**WHAT TO PRODUCE:** For this exercise, retype every record below exactly and keep the pictures out.

=== WORKING DATA ===

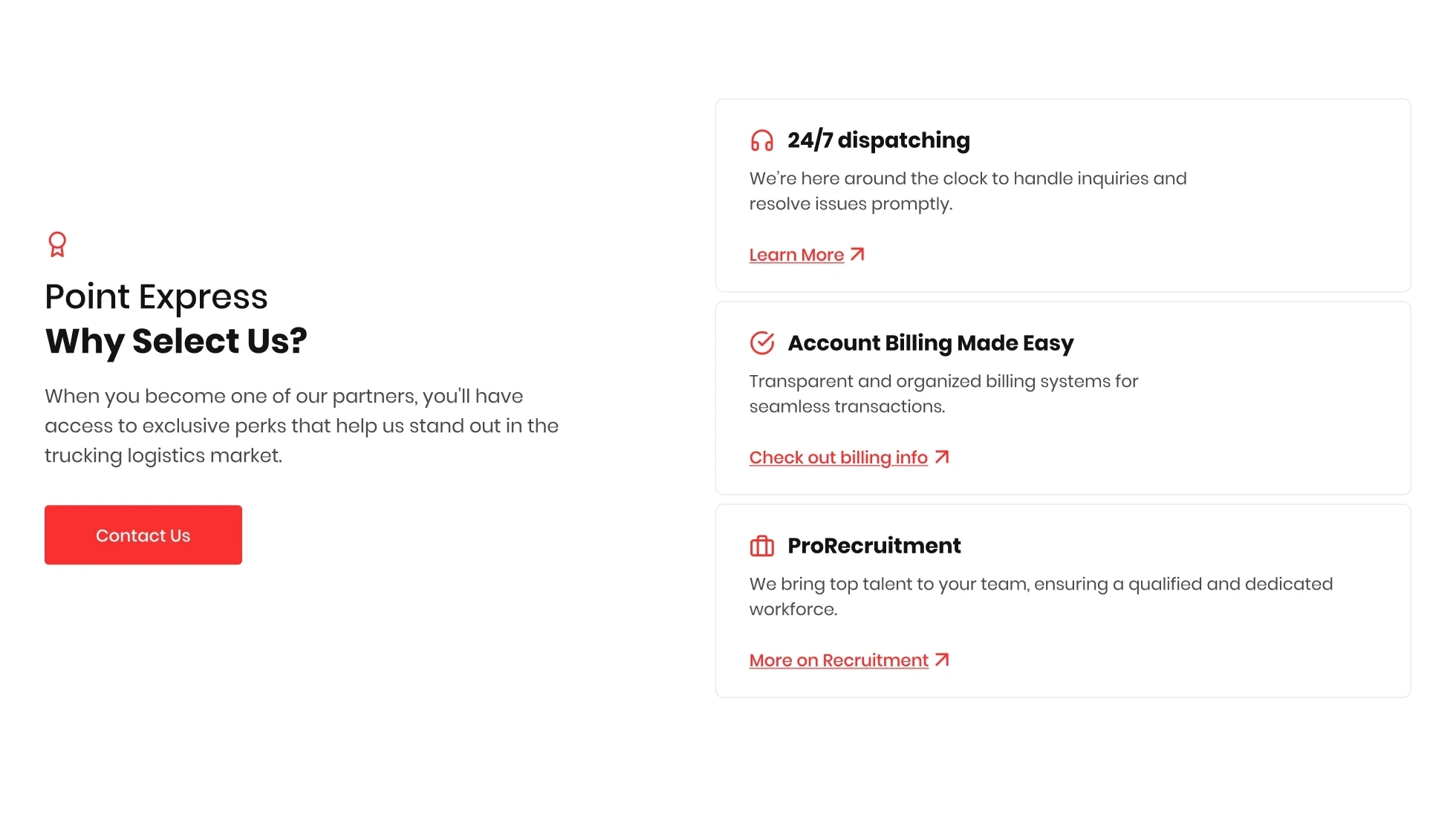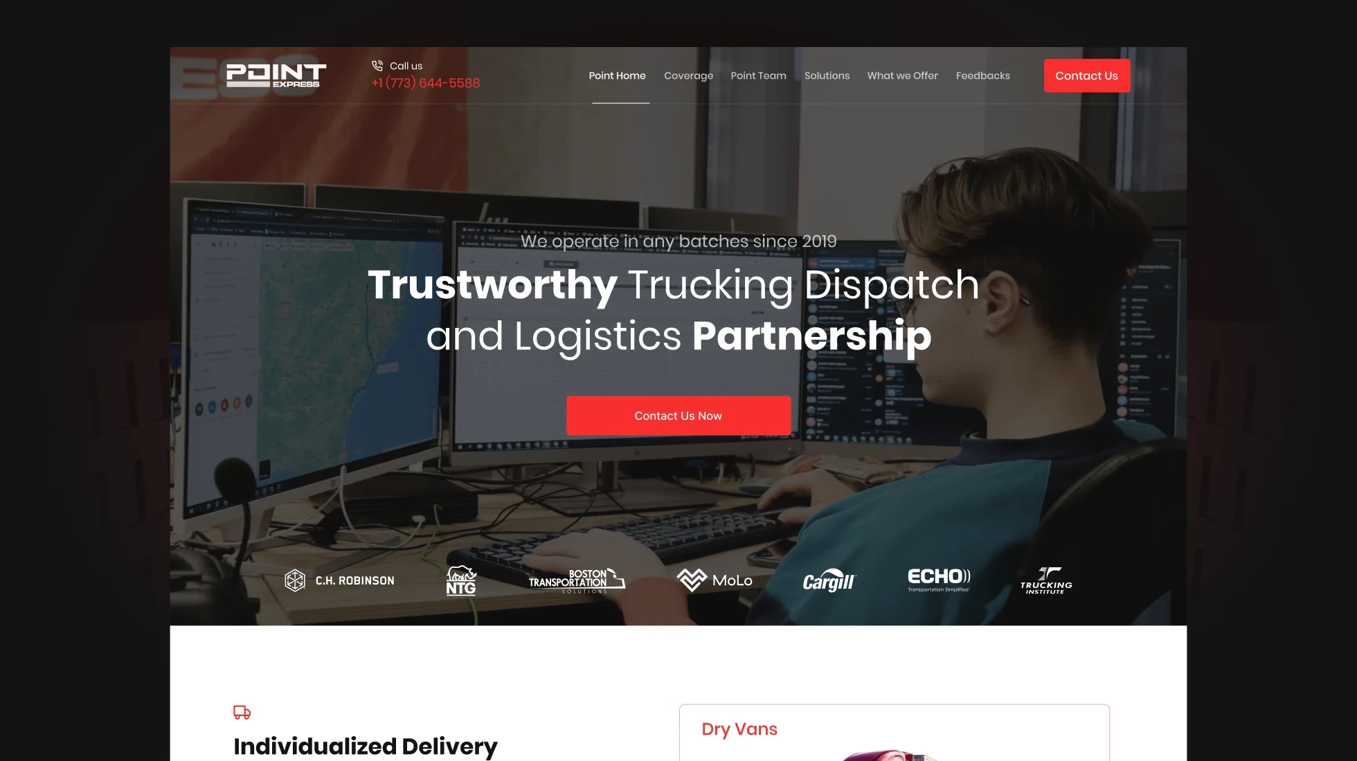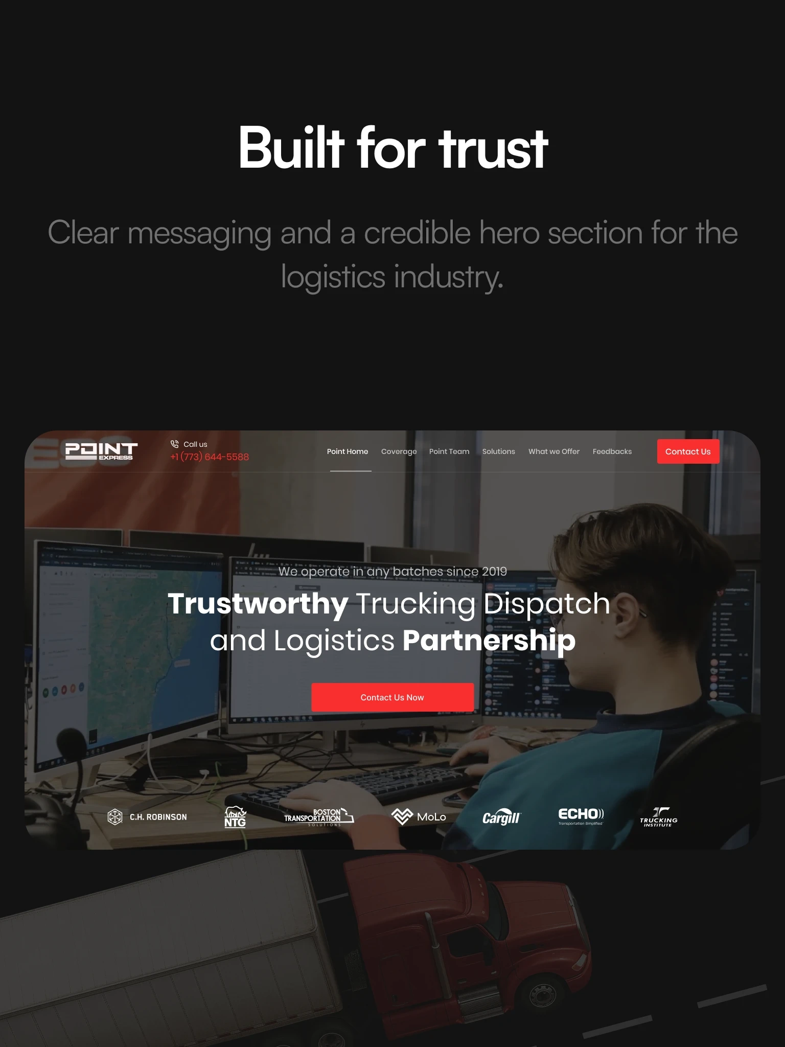 Point Express asked us to create a website that clearly presents their dispatch and logistics services, boosts customer engagement, and helps bring new dispatchers into the company.
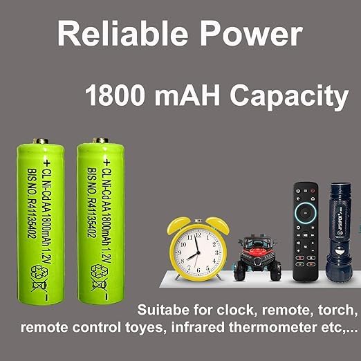 - بطارية نيكل ميتال هايدريد 1800 ميلي أمبير في الساعة هي خيار يمكن الاعتماد عليه لتشغيل الأجهزة اليومية بكفاءة وطول العمر.
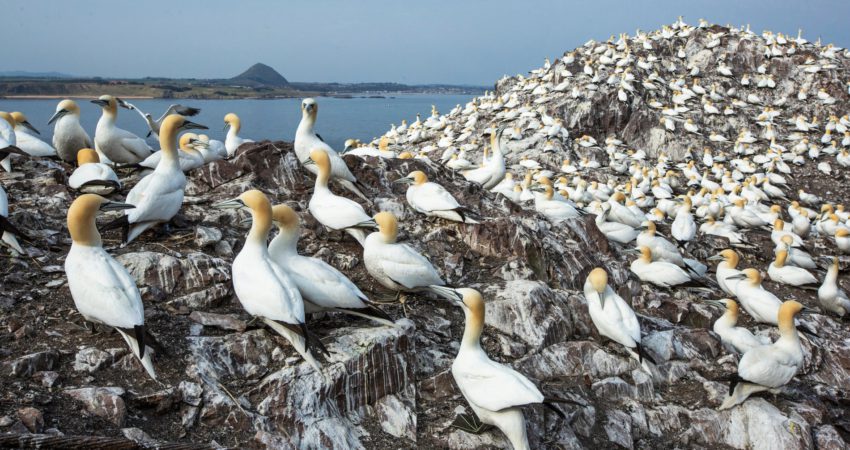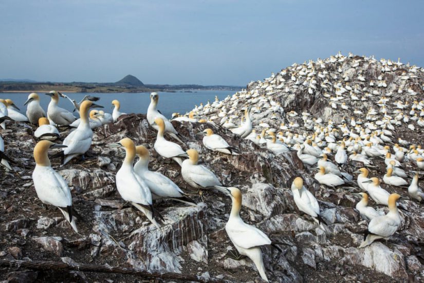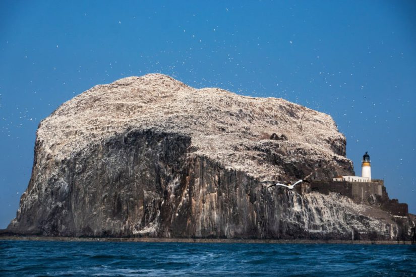 Bass Rock është një ishull i vogël i formuar nga një “plug” i shkëmbit vullkanik në Firth of Forth, Skoci. Ai përmban koloninë më të madhe në botë të Ganeteve Veriore, një nga zogjtë e detit më të mëdhenj në Atlantikun e Veriut. Pjesa më e madhe e shkëmbit është “pikturuar” e bardhë nga zogjtë.\The Guardian\
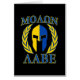 A bold Spartan warrior armour Molon Labe laurels mask expression on a yellow and blue graphic accent print decor for a fine custom gift idea. Come and get them!
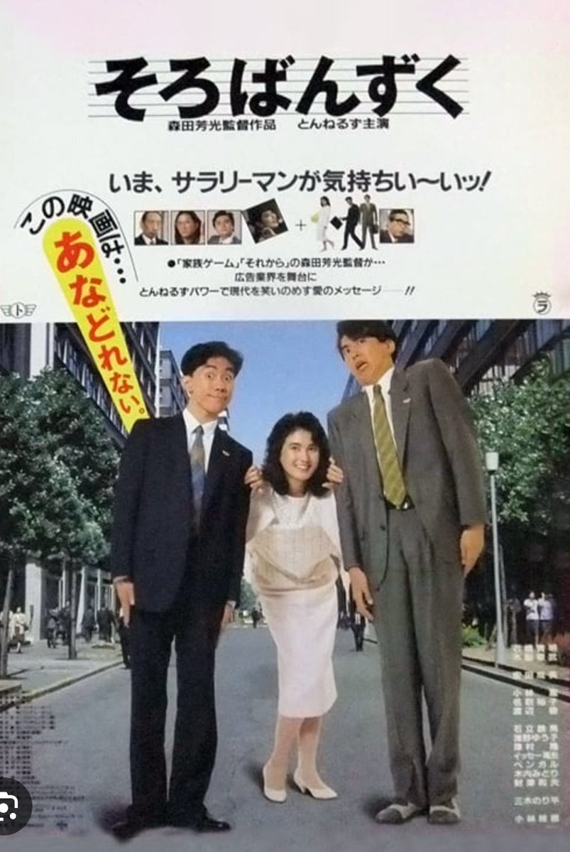 (TSUTAYA)  広告代理店を舞台に、クライアント獲得に狂騒する広告マンの悲哀をエネルギッシュに描いた森田監督の異色コメディ。主役はとんねるずの2人。彼らのライバル会社のエリート社員・桜宮天神に小林薫。この3人の間で揺れる女として安田成美木梨憲武安田成美が出会い、結婚に至っている。 pic.x.com/TJuWz4zGYQ

===

**WRITTEN ANSWER:**
 Point Express asked us to create a website that clearly presents their dispatch and logistics services, boosts customer engagement, and helps bring new dispatchers into the company.
 - بطارية نيكل ميتال هايدريد 1800 ميلي أمبير في الساعة هي خيار يمكن الاعتماد عليه لتشغيل الأجهزة اليومية بكفاءة وطول العمر.
 Bass Rock është një ishull i vogël i formuar nga një “plug” i shkëmbit vullkanik në Firth of Forth, Skoci. Ai përmban koloninë më të madhe në botë të Ganeteve Veriore, një nga zogjtë e detit më të mëdhenj në Atlantikun e Veriut. Pjesa më e madhe e shkëmbit është “pikturuar” e bardhë nga zogjtë.\The Guardian\
 A bold Spartan warrior armour Molon Labe laurels mask expression on a yellow and blue graphic accent print decor for a fine custom gift idea. Come and get them!
 (TSUTAYA)  広告代理店を舞台に、クライアント獲得に狂騒する広告マンの悲哀をエネルギッシュに描いた森田監督の異色コメディ。主役はとんねるずの2人。彼らのライバル会社のエリート社員・桜宮天神に小林薫。この3人の間で揺れる女として安田成美木梨憲武安田成美が出会い、結婚に至っている。 pic.x.com/TJuWz4zGYQ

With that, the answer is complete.